All lines that hold the string "всего" should be copied. Find them in the listing below.

| DATA FOR THIS TASK |
▬▬▬▬▬▬▬▬▬▬

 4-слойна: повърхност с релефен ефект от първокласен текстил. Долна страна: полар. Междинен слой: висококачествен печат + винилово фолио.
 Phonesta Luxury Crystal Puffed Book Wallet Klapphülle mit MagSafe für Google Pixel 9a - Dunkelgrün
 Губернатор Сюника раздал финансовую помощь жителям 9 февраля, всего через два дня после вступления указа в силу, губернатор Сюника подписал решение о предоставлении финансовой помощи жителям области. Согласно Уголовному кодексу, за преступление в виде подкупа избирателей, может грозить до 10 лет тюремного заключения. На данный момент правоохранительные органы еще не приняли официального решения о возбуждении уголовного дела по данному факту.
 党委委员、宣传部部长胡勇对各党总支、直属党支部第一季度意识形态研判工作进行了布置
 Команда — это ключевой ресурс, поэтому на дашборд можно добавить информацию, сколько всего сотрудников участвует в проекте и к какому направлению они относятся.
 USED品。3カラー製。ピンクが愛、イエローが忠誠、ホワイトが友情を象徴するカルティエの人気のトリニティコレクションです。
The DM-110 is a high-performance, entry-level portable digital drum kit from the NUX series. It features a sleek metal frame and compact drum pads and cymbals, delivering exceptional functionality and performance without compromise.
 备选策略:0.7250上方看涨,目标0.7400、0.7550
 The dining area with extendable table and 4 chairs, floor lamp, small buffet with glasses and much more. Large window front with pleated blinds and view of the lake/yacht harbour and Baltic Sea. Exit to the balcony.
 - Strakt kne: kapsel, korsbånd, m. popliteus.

▬▬▬▬▬▬▬▬▬▬

| REPLY |
 Губернатор Сюника раздал финансовую помощь жителям 9 февраля, всего через два дня после вступления указа в силу, губернатор Сюника подписал решение о предоставлении финансовой помощи жителям области. Согласно Уголовному кодексу, за преступление в виде подкупа избирателей, может грозить до 10 лет тюремного заключения. На данный момент правоохранительные органы еще не приняли официального решения о возбуждении уголовного дела по данному факту.
 Команда — это ключевой ресурс, поэтому на дашборд можно добавить информацию, сколько всего сотрудников участвует в проекте и к какому направлению они относятся.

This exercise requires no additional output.